- Exercise description
Restate word for word the lines below from the one that has "Высокопрочный синтетический канат" through the one that has "Ortho® Insect Killer Flower & Vegetable Garden Dust kills listed", keeping both and dropping all pictures.

- Data section

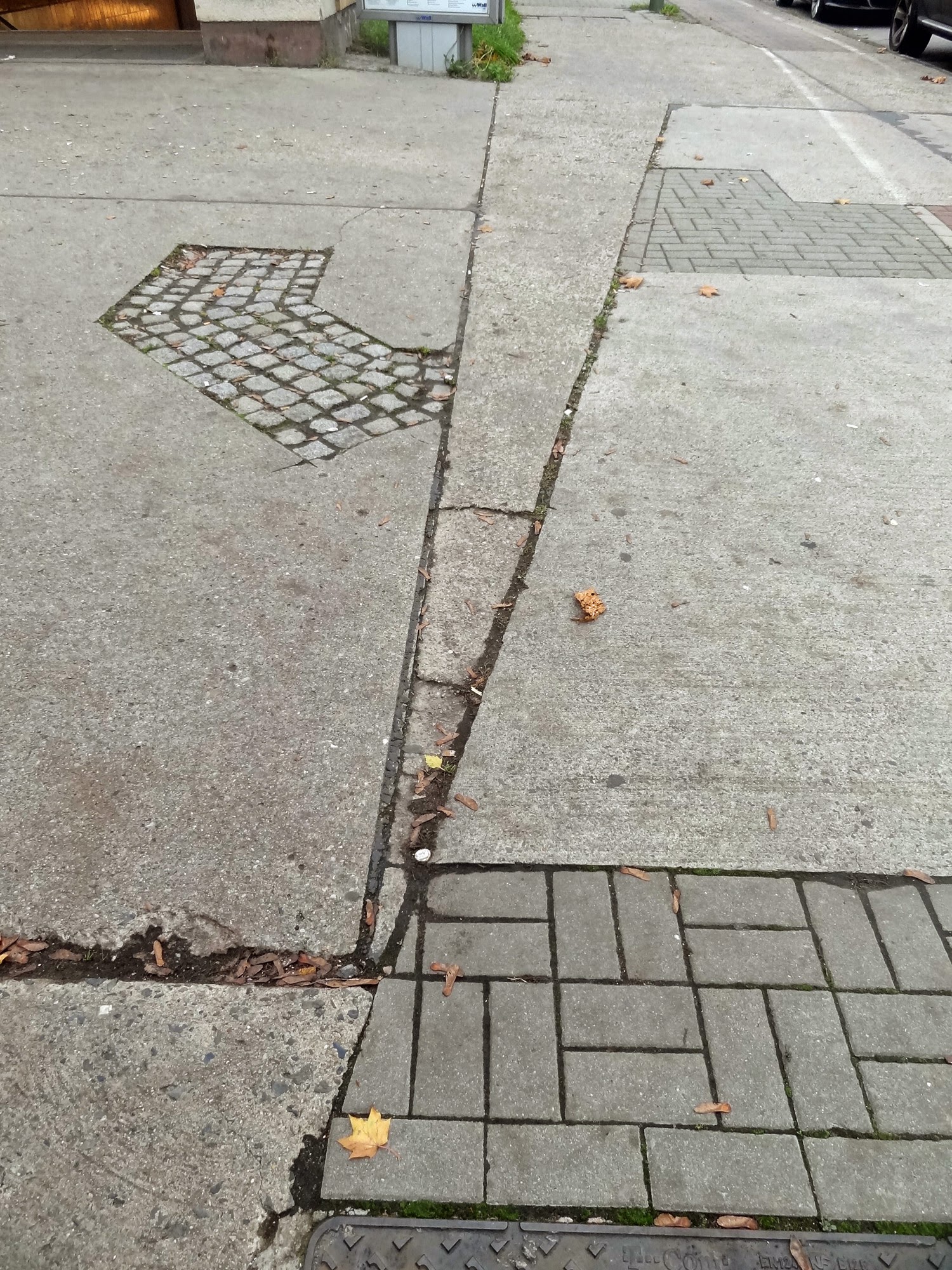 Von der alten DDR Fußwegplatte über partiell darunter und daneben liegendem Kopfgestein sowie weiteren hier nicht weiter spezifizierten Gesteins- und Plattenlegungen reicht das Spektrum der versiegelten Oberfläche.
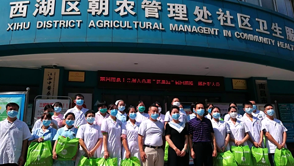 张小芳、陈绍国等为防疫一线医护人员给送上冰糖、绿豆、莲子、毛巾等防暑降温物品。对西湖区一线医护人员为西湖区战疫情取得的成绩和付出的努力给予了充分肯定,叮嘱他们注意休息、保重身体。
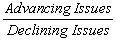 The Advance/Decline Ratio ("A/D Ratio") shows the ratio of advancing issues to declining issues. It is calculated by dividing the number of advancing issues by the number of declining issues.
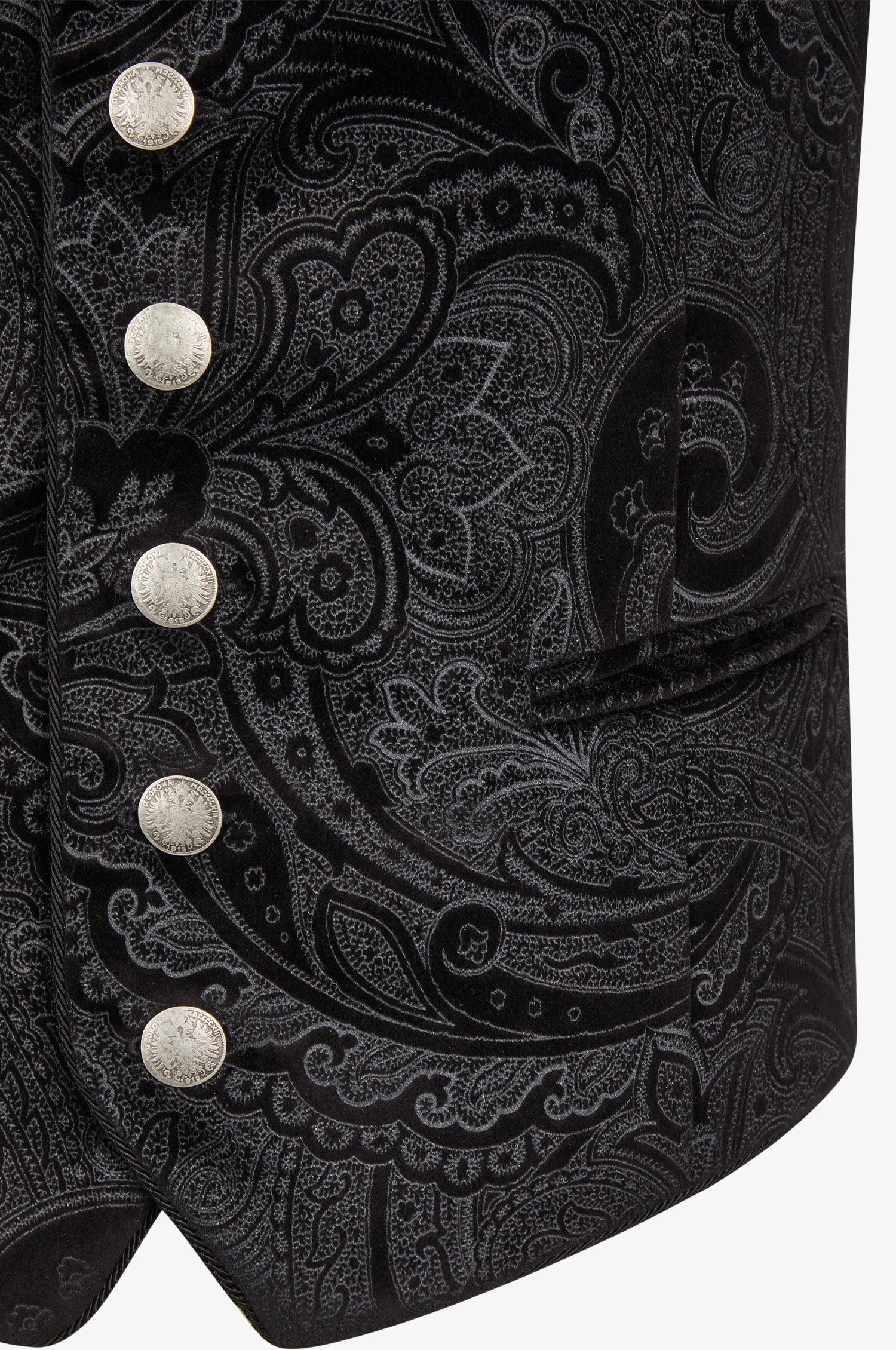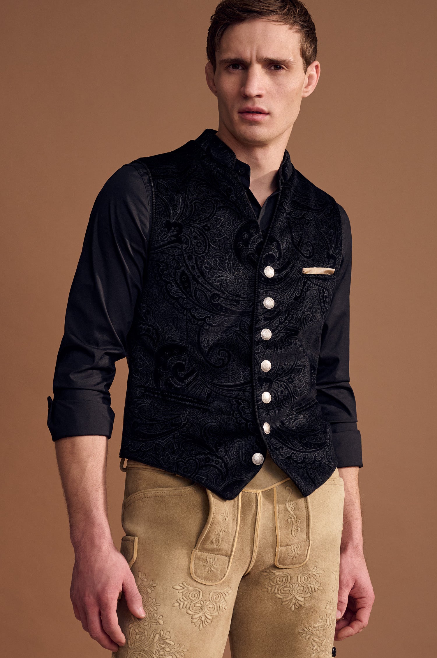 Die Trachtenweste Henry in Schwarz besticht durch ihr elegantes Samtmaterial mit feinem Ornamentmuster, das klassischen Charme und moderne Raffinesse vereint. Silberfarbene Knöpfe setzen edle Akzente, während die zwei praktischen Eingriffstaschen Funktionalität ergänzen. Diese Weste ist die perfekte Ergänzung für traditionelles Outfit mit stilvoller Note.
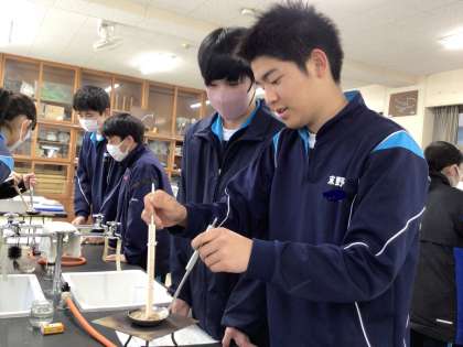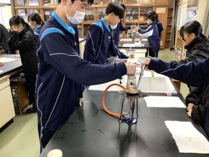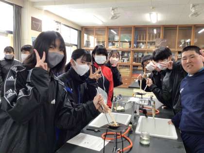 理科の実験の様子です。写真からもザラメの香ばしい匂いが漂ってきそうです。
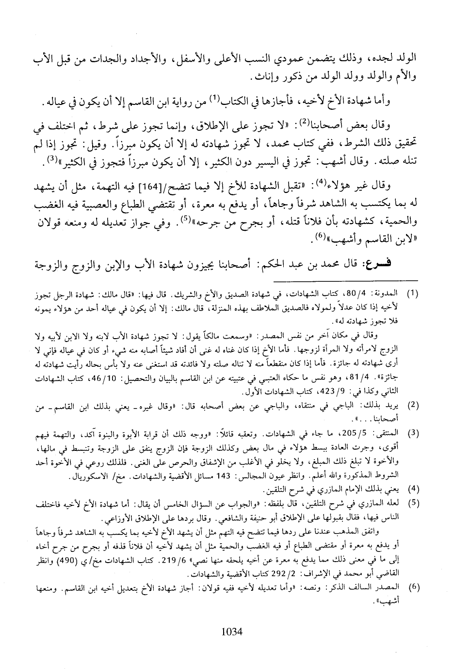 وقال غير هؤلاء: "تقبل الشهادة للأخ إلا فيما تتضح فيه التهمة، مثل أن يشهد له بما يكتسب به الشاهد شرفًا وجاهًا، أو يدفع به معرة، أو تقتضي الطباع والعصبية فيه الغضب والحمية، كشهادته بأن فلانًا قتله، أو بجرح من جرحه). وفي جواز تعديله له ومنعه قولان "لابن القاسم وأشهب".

==

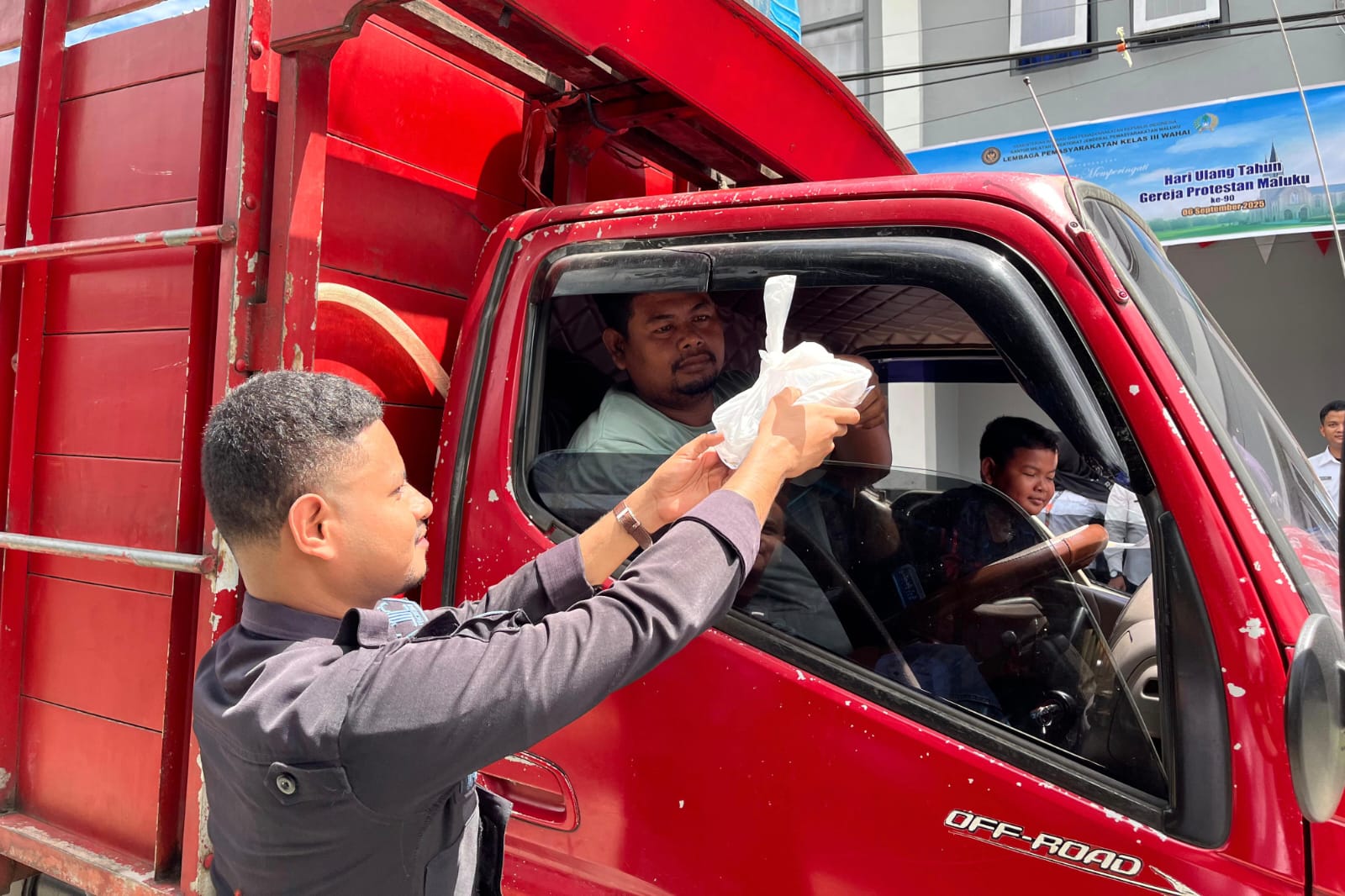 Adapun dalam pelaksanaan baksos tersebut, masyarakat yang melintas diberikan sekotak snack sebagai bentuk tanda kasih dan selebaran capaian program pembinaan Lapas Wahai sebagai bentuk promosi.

==

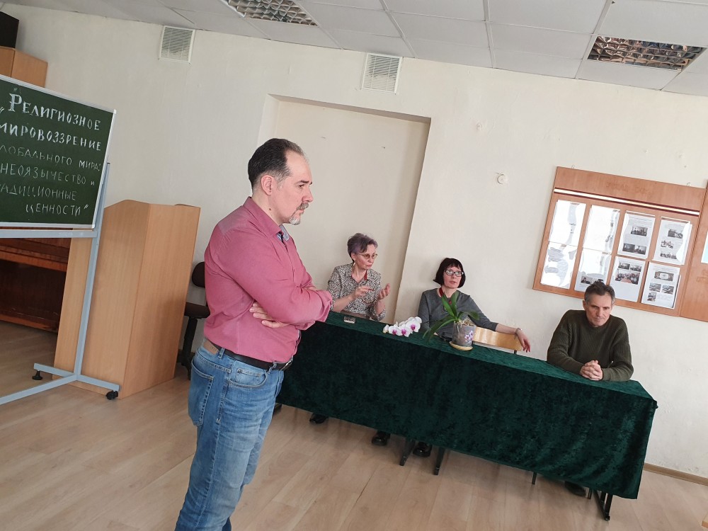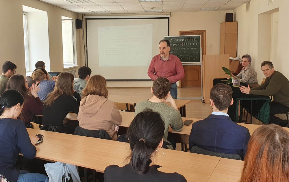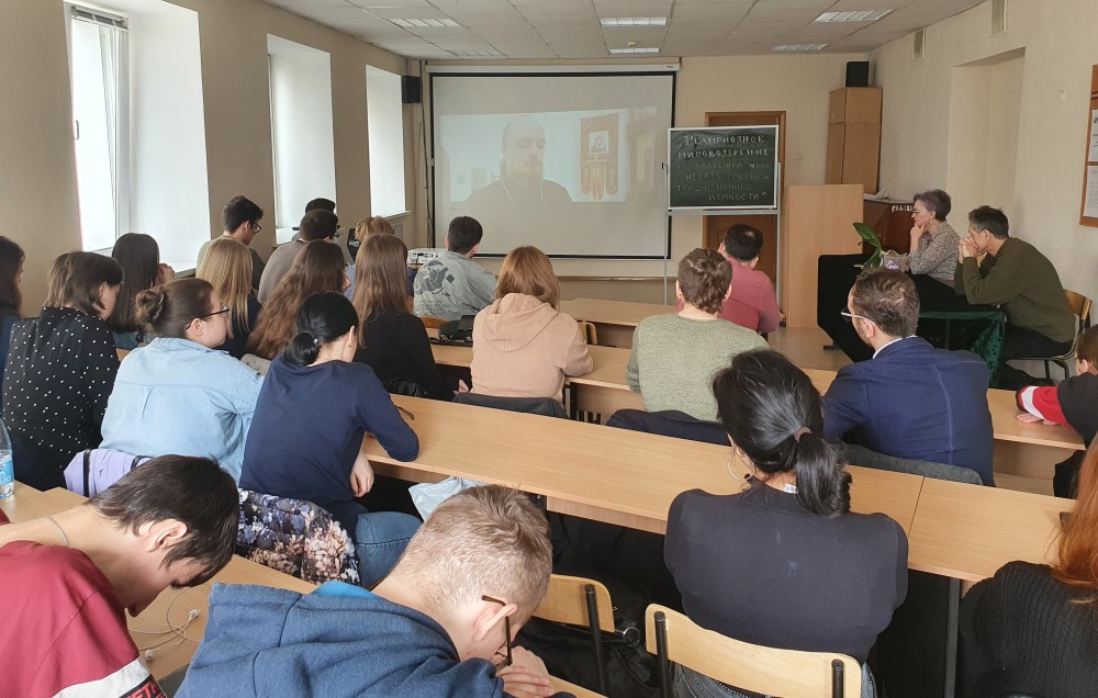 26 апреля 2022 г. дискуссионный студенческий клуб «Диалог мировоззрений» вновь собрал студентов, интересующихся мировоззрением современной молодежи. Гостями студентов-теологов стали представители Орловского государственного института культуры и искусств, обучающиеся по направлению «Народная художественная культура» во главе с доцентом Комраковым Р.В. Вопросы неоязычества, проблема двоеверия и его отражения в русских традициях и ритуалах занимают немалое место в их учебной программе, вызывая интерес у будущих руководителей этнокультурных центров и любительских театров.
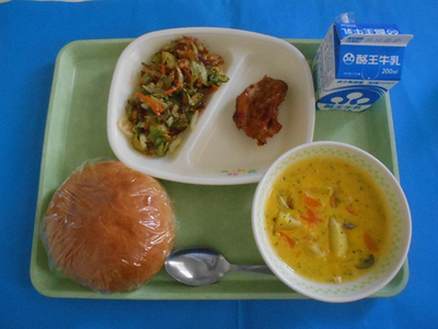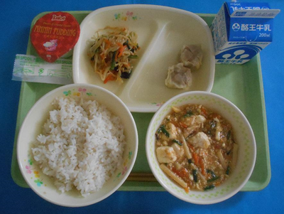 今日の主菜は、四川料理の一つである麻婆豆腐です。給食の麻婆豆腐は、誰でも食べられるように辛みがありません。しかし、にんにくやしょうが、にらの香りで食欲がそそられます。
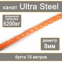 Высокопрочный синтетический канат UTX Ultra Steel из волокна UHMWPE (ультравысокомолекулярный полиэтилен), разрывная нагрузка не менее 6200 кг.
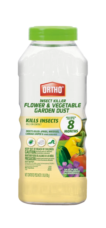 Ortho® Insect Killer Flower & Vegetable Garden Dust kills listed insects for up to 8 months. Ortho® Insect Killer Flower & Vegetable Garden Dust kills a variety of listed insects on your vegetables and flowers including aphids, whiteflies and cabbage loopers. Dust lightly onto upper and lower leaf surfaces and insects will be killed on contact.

- Exercise result
 Высокопрочный синтетический канат UTX Ultra Steel из волокна UHMWPE (ультравысокомолекулярный полиэтилен), разрывная нагрузка не менее 6200 кг.
 Ortho® Insect Killer Flower & Vegetable Garden Dust kills listed insects for up to 8 months. Ortho® Insect Killer Flower & Vegetable Garden Dust kills a variety of listed insects on your vegetables and flowers including aphids, whiteflies and cabbage loopers. Dust lightly onto upper and lower leaf surfaces and insects will be killed on contact.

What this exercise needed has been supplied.